Later in the film, Gawain actually arrives at his appointment to face the Green Knight to accept his return blow from the challenge early. Gawain’s arrival doesn’t stir the Green Knight to action any more than Gawain could force the flowers to bloom, or stop the fall of snow, though. The Green Knight’s schedule can’t be controlled by the will of man, just as nature itself cannot be controlled despite the desperate attempts of man. By forcing Gawain to wait until the correct moment, the Green Knight is showing Gawain how insignificant the role of man is compared to that of nature.
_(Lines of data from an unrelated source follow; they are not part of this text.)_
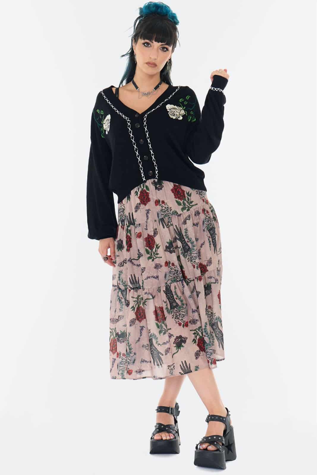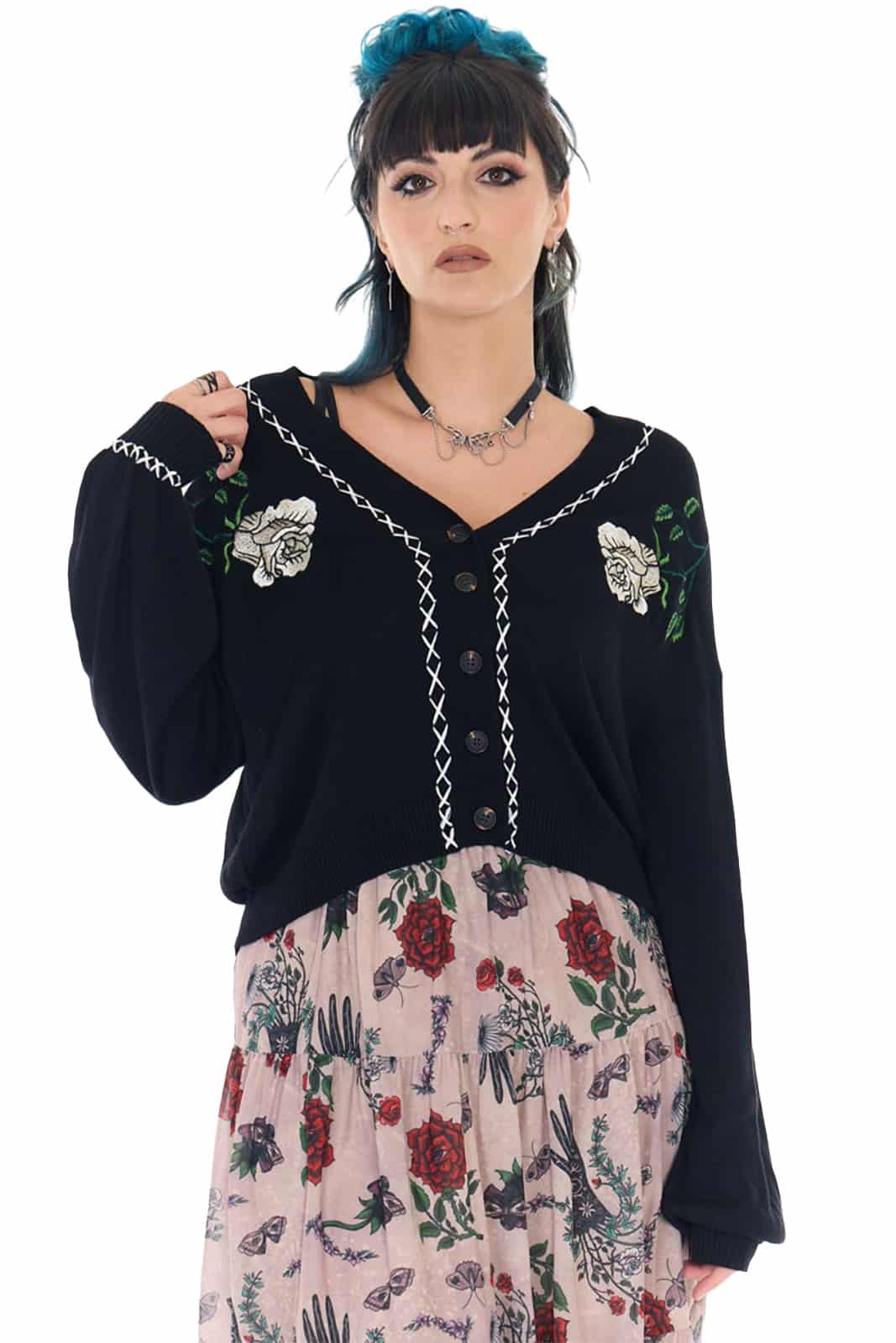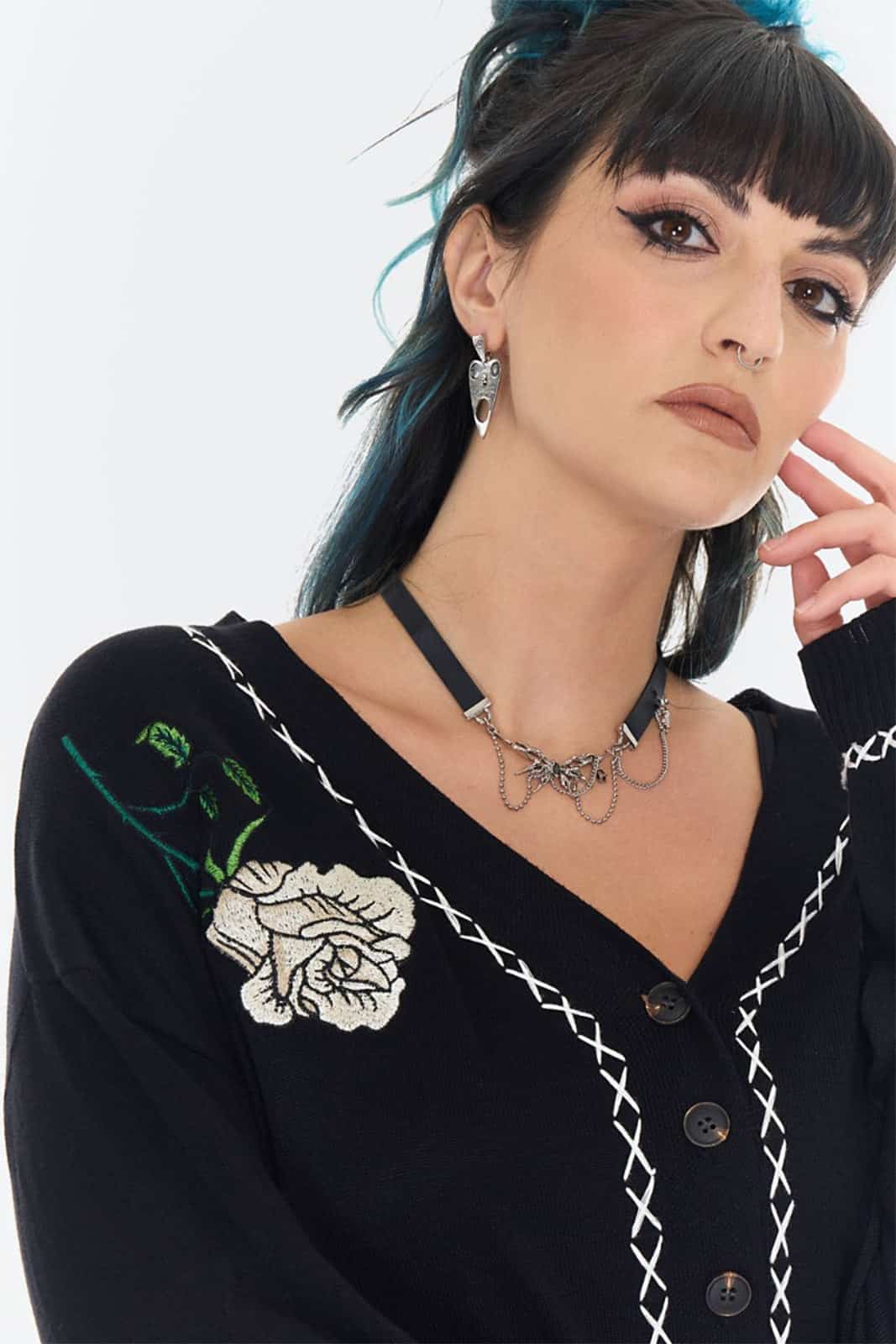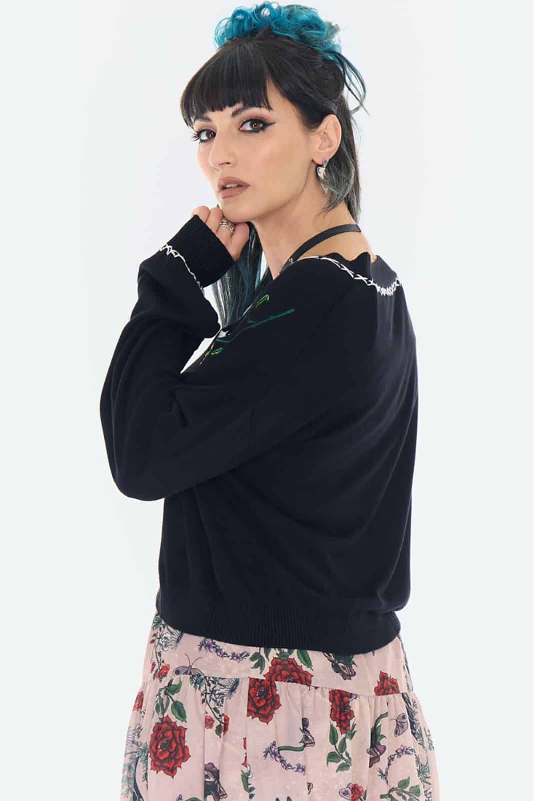 Sanfte Silhouette trifft auf dunkle Romantik – „Thornbound Bloom“ wirkt wie ein Relikt aus einem verwunschenen Garten. Die zarten Rosenstickereien und die kontrastreiche Ziernaht verleihen der Strickjacke eine geheimnisvolle, fast nostalgische Ausstrahlung.
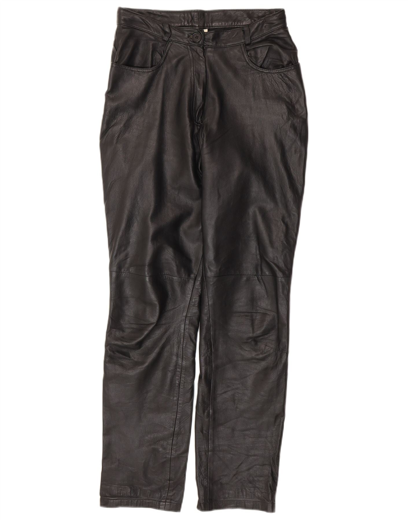 Pantaloni in pelle affusolati da donna VINTAGE UK 10 piccoli W28 L30 in pelle nera
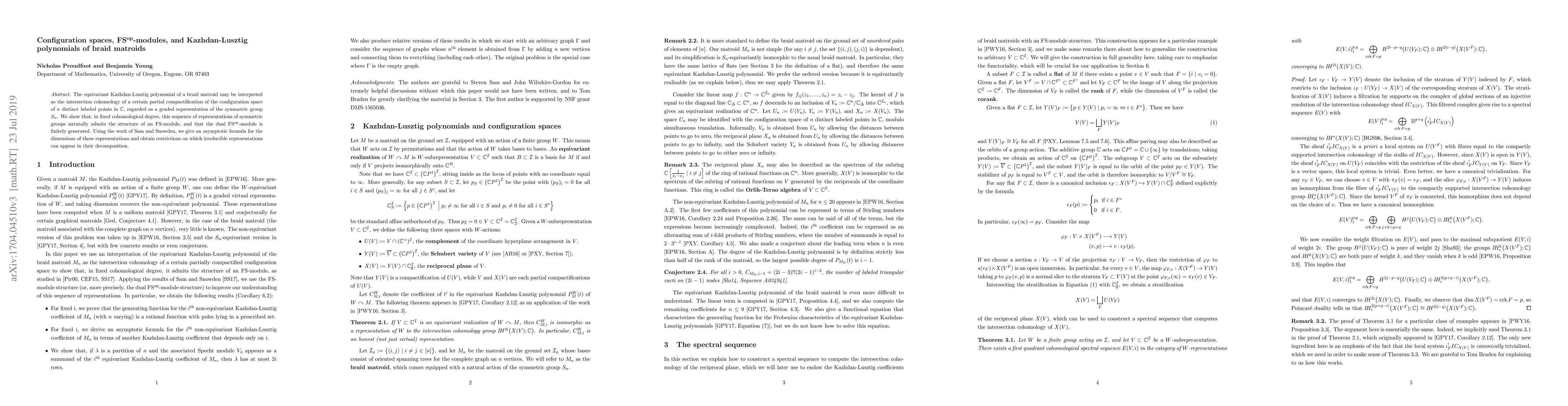 This paper explores the equivariant Kazhdan-Lusztig polynomials of braid matroids, linking them to the intersection cohomology of a configuration space of labeled points. It demonstrates that these polynomials form an FS-module in a specific cohomological degree and proves the finite generation of the dual FS^op-module. Additionally, it provides an asymptotic formula for the dimensions of these representations and identifies constraints on their irreducible decompositions.
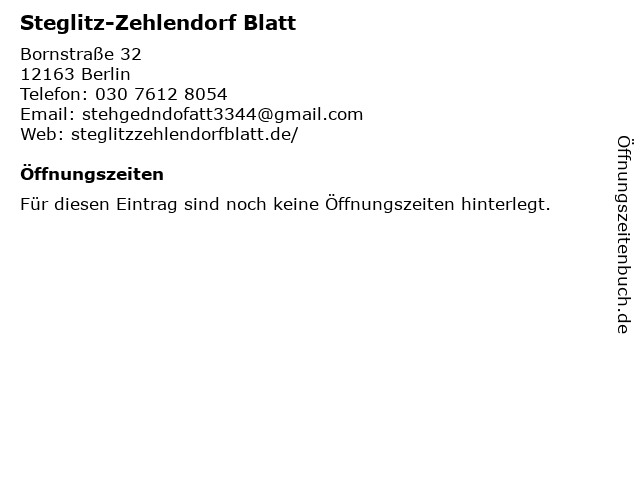 | Öffnungszeiten Steglitz-Zehlendorf Blatt in Berlin anzeigen | |
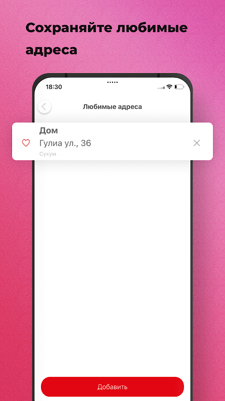 Ordina Red Taxi Abkhazia nelle città di Gagra, Pitsunda, Gudauta, New Athos, Sukhum, Ochamchira, Tkuarchal, Gal tramite l'applicazione. È 3 volte più veloce che al telefono! Ci sono un paio di secondi tra il desiderio di arrivare nel posto giusto e la ricerca di un'auto.
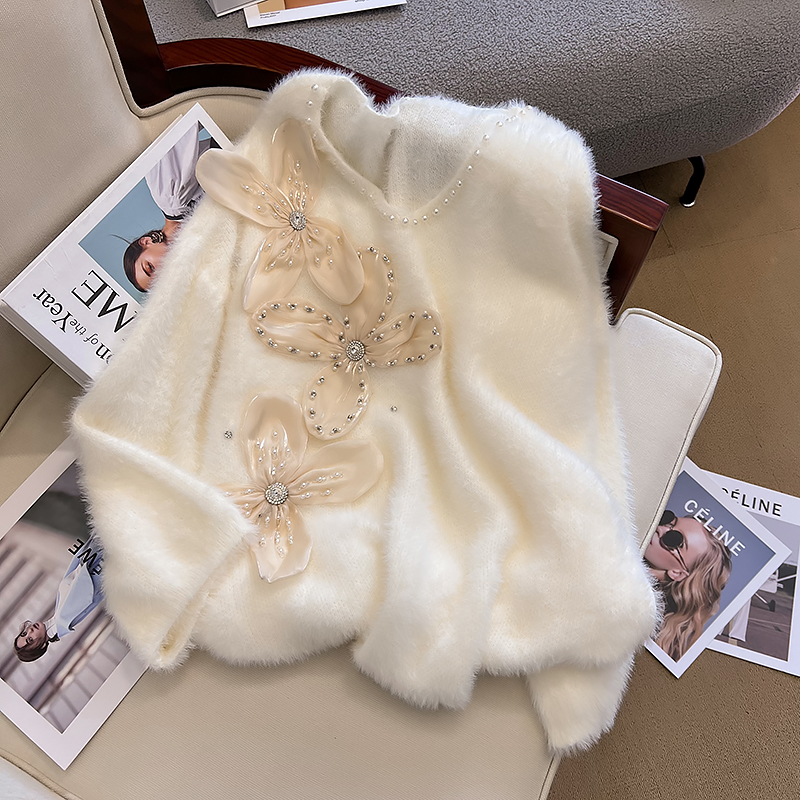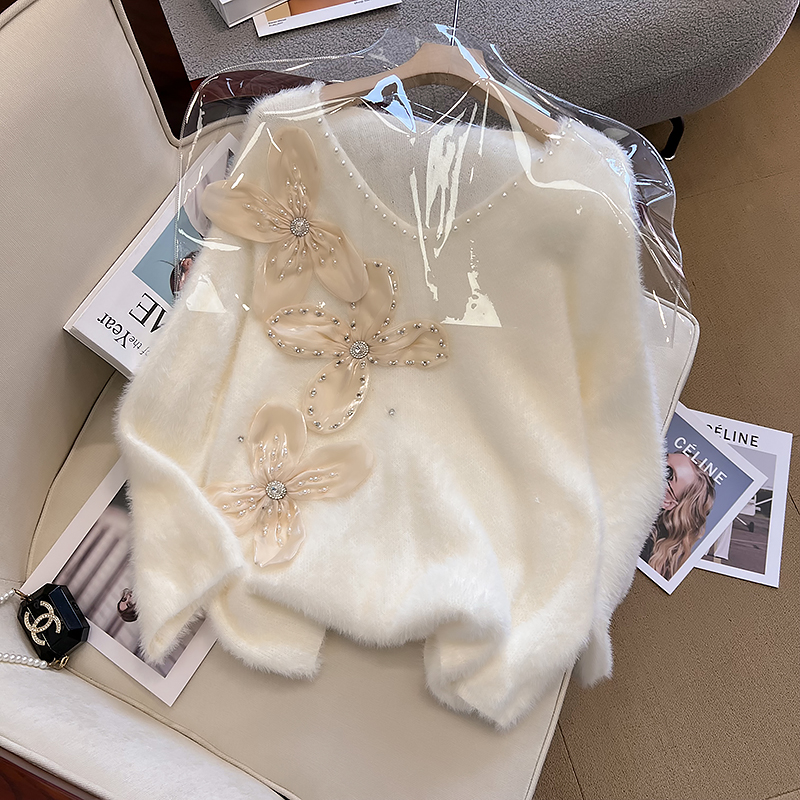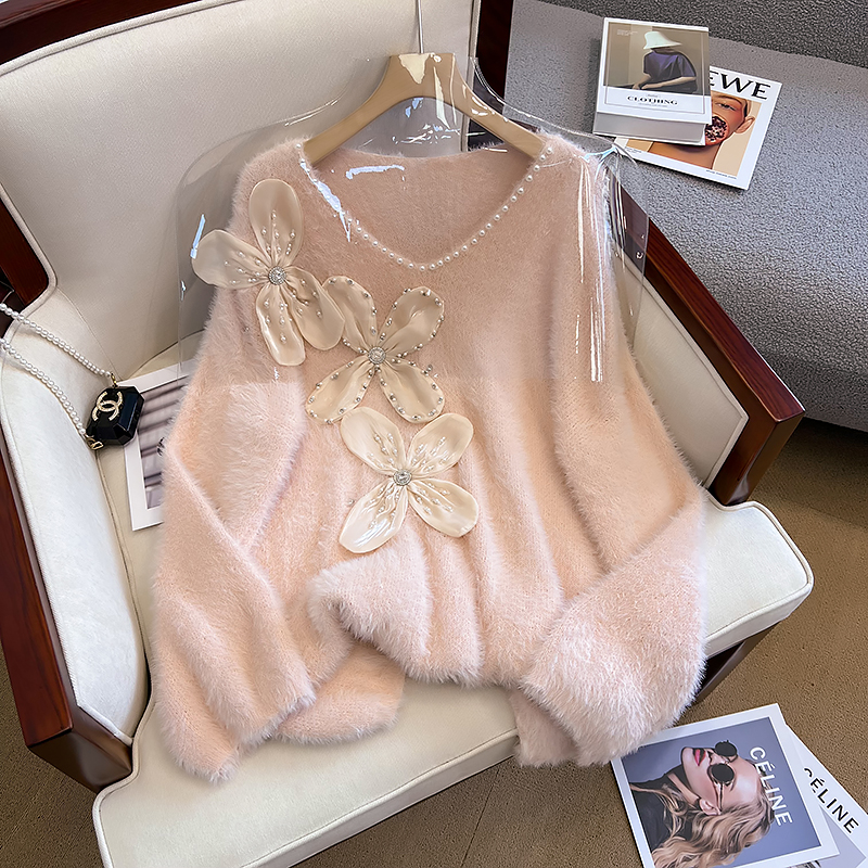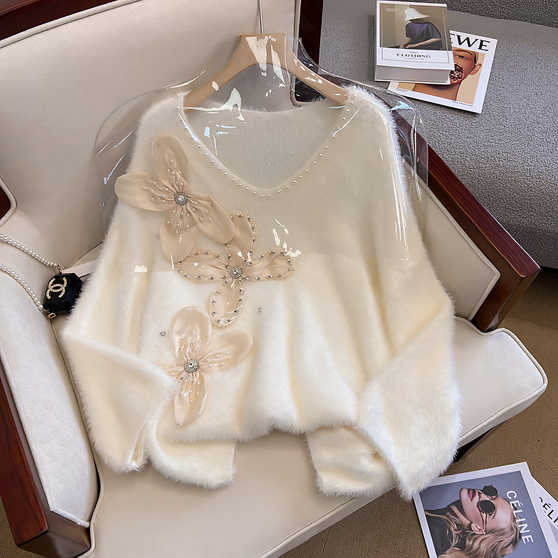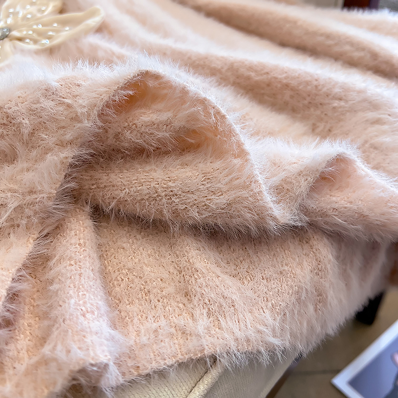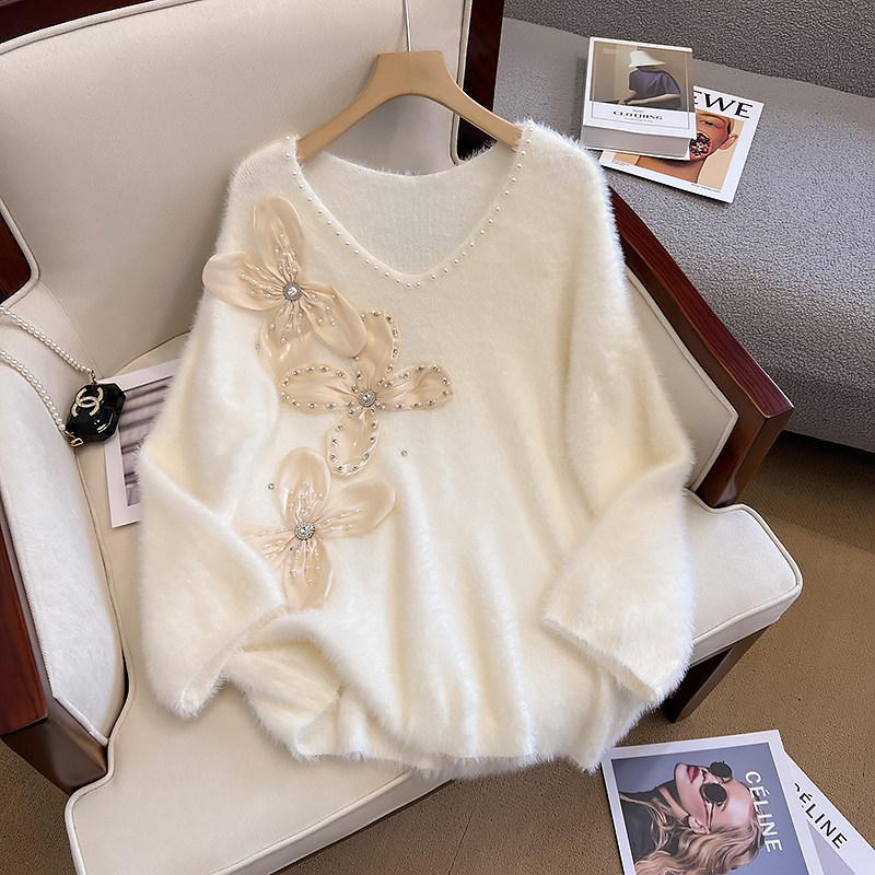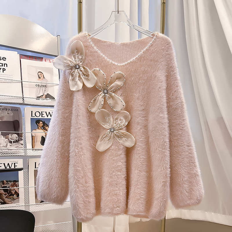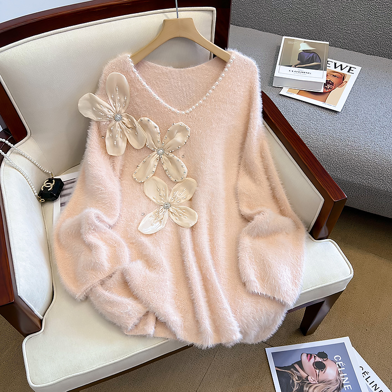 大碼女秋冬季新款高級感水貂絨v領毛衣胖mm顯瘦加厚打底內搭上衣
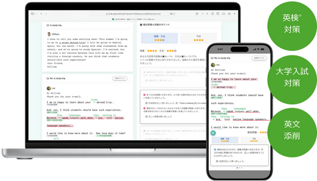 UGUIS.AIは、AIを活用した英語ライティング学習サービスです。AIが自動生成技術を活用して英語のライティング問題を自動で作成し、その問題に対して学習者が解答した英文をAIが即時に採点・添削します。利用期間中、学習者はAIの「内容の評価」「誤りの指摘」「改善の提案」といったフィードバックを何度でも受けることができます。また、AIチャット「UGUIS先生」に別解や解き方のコツなどを自由に質問できる機能もあり、学習者の「わからない」をすぐに解決できるようアシストします。さらに、学習者の利用状況や学習履歴などが一目で確認できる管理機能もあり、英語ライティングの学習に必要な「量と質」を提供するとともに、学習者自身の探究的な学びの高度化、及び、教員の教材作成、採点・添削・コメント記入等の業務効率化や省力化を支援します。

And when the Green Knight finally does wake, Gawain trembles and flinches in his presence. Gawain fears death, which is a force of nature, the natural conclusion to a life lived. Gawain sees a version of his life in which he flees from his promised blow and survives the encounter to return to Camelot and become a Knight and a King. In the end, however, time — an agent of nature — catches up to him. He sees the future where as an older man, a King, a husband and a father, he ends up dead and beheaded regardless of his decision to flee the Green Knight in his present. Ultimately, by showing him that he can’t outrun nature, The Green Knight takes the perspective that in the classic struggle of Man vs Nature, Nature will never be bested.
To witness the battle of Man vs Nature, The Green Knight is in theaters now.